Dog specific legislation
A key focus of the Act is the governance of obligations pertaining to the ownership, importation, breeding, and registration of dangerous dogs. Such regulations include the prohibition of persons under 18 years of age owning or transporting a dangerous dog, and that such dogs must be securely fitted with a muzzle when away from their place of residence. The listed attributes of these animals include, but are not limited to, dogs over 20kg, fighting dogs, Dobermans, Ridgebacks, German Shepherds, and any other dog deemed dangerous by the Minister of local government.
Upon assessment of this, it is apparent that the qualifying conditions are arbitrary , with an apparent bias against larger breeds. Much like with the Dangerous Dogs Act 1991 of England, Wales and Scotland, breed-specific legislation could be argued as negating the importance of responsible dog ownership.

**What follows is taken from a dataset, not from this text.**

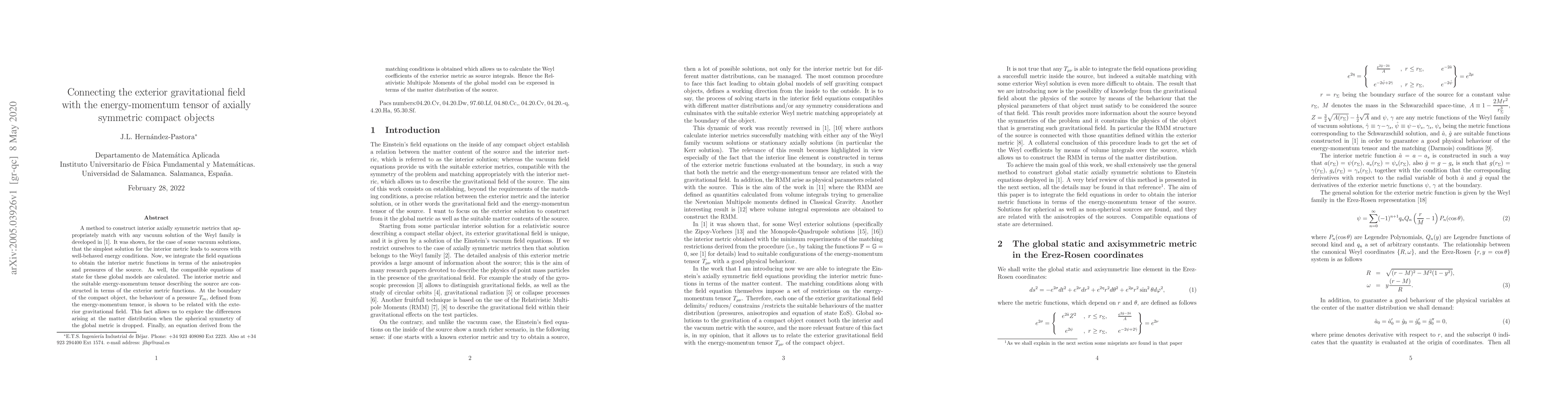 A method to construct interior axially symmetric metrics that appropriately match with any vacuum solution of the Weyl family is developed in Hernandez-Pastora etal. (Class Quantum Gravity 33:235005, 2016). It was shown,for the case of some vacuum solutions, that the simplestsolution for the interior metric leads to sources with well behaved energy conditions. Now, we integrate the field equa-tions to obtain the interior metric functions in terms of theanisotropies and pressures of the source. As well, the compatible equations of state for these global models are calculated. The interior metric and the suitable energy momentum tensor describing the source are constructed in terms of the exterior metric functions. At the boundary of the compact object,the behaviour of a pressure Tm, defined from the energy momentum tensor, is shown to be related with the exterior gravitational field. This fact allows us to explore the differences arising at the matter distribution when the sphericalsymmetry of the global metric is dropped. Finally, an equation derived from the matching conditions is obtained whichallows us to calculate the Weyl coefficients of the exteriormetric as source integrals. Hence the Relativistic MultipoleMoments of the global model can be expressed in terms ofthe matter distribution of the source.

Furthermore, sections 31-33 AA 2005 regulate the ownership and registration of fighting dogs, despite the prohibition of ‘encouraging’ the baiting or fighting of dogs and bulls contained within section 6 AA 2005. Upon registering a fighting dog, the assigned registration number is branded onto the pinna of the animal’s ear; a particularly sensitive area of a dog’s anatomy, owing to the multitude of nerve endings contained within them. This directly contradicts the purpose of Part 2 of the act: the prohibition of cruelty to animals.

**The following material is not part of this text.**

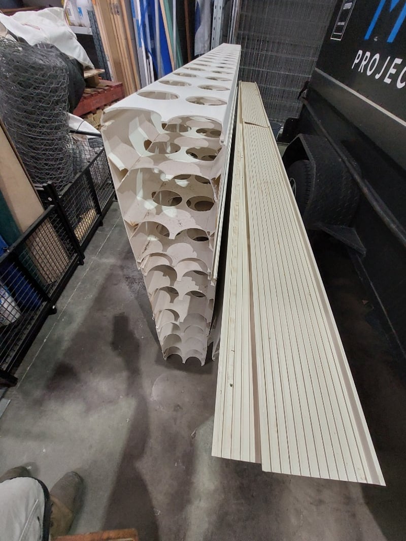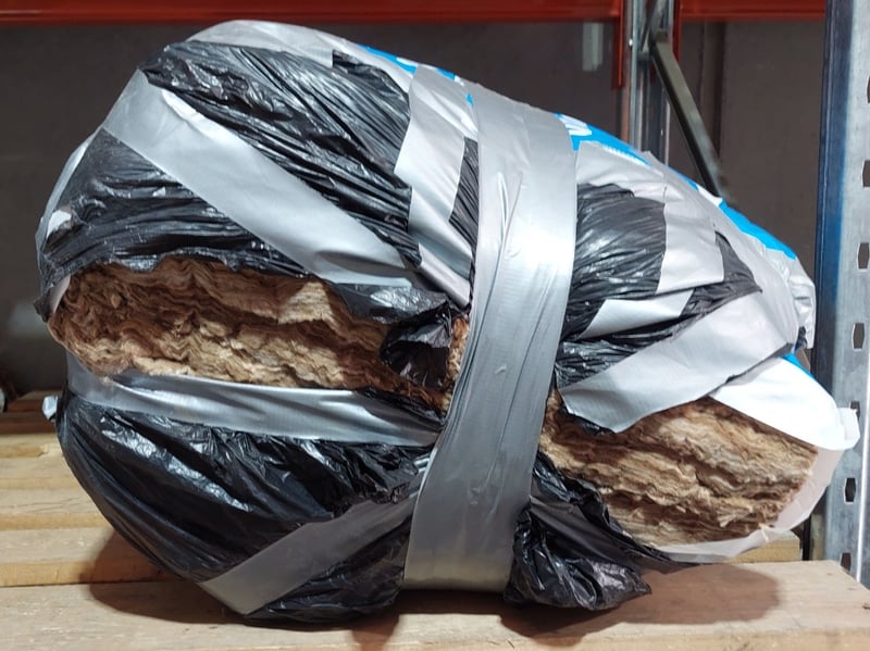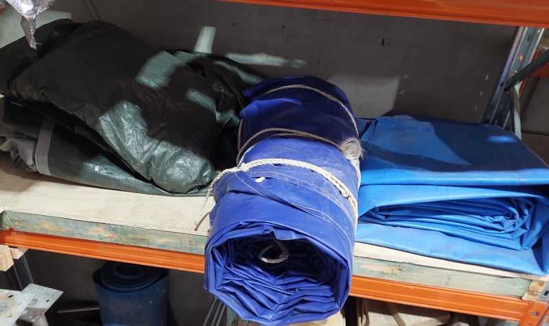 Assorted lot includes, tarps, insulation material, poly pipe and more...Sold as lot. Notes: signs of wear.

Animals found wandering around or on public highways may be seized and impounded, or even shot. Unfortunately, the reality is dogs, cats, goats and many more animals are regularly seen on highways and in public spaces. Furthermore, rather than the Government providing adequate solutions to Saint Lucia’s overpopulation of strays, there is a heavy reliance on organisations such as Helpaws; a charity that rescues, adopts, and offers neutering for the abundance of dogs and cats.
Saint Lucia’s status as a tourism hot spot has encouraged the provision of horse-riding experiences around the island. Whilst section 3(1)(b) prohibits the overloading of animals, many businesses offering such experiences fail to implement appropriate weight restrictions. Additionally, section 7 establishes that utilising animals in emaciated conditions for work purposes is an offence, and persons found guilty will be liable to a fine of $1,000. It is standard practice to tether horses around the island, with many relying solely on the grasses, herbs, and weeds for nutrition; something that may be considered substandard for their workload. Unfortunately, it is apparent that whilst there are restrictions pertaining to the maltreatment of animals in place, enforcement appears to be relatively lax.
Finally, section 3(1)(b) establishes that any person who inflicts torture upon an animal is in direct violation of the Act, and is liable to a fine of $1,000.
Whilst Saint Lucia has an established framework for animal protection laws, both enforcement mechanisms and sanctions need to be developed in order to generate an effective response to the maltreatment of animals. Additionally, there is considerable scope for addressing the root of the problem, be it overpopulation of stray animals or the reasons a dog may become dangerous.
The hope is this island paradise is worthy of this title for animals.